GIVEN DATA -
╔══

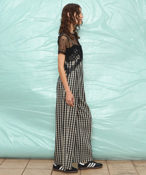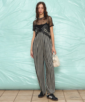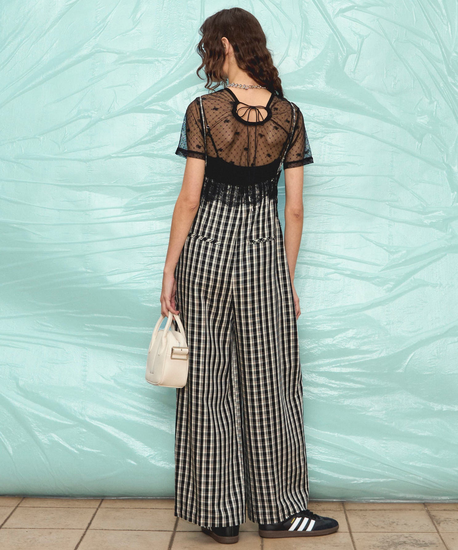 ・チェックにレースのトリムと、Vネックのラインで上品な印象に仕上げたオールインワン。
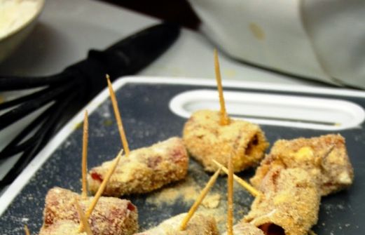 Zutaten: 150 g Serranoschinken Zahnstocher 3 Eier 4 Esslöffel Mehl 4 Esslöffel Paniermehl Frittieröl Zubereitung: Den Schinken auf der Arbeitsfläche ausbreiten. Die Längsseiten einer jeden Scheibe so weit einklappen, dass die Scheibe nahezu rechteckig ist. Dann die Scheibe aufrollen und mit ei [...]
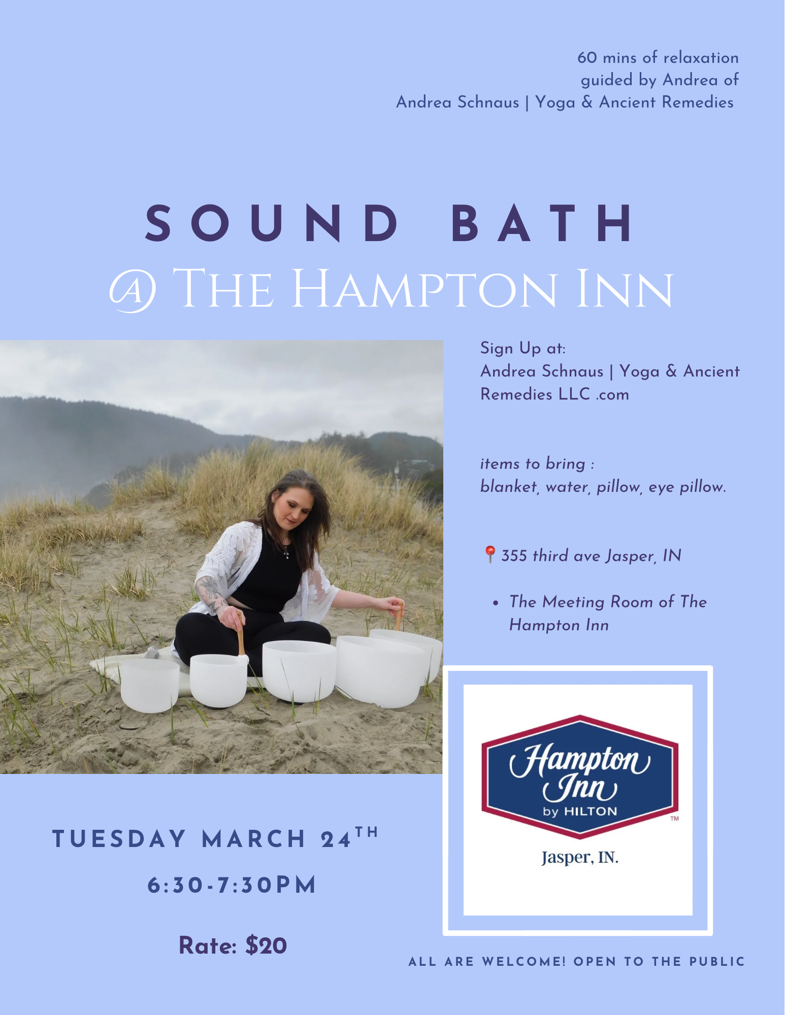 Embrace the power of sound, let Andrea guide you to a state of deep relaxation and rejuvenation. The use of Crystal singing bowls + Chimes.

╚══

THE PROBLEM - Omitting the images, copy the listing exactly.

REPLY -
 ・チェックにレースのトリムと、Vネックのラインで上品な印象に仕上げたオールインワン。
 Zutaten: 150 g Serranoschinken Zahnstocher 3 Eier 4 Esslöffel Mehl 4 Esslöffel Paniermehl Frittieröl Zubereitung: Den Schinken auf der Arbeitsfläche ausbreiten. Die Längsseiten einer jeden Scheibe so weit einklappen, dass die Scheibe nahezu rechteckig ist. Dann die Scheibe aufrollen und mit ei [...]
 Embrace the power of sound, let Andrea guide you to a state of deep relaxation and rejuvenation. The use of Crystal singing bowls + Chimes.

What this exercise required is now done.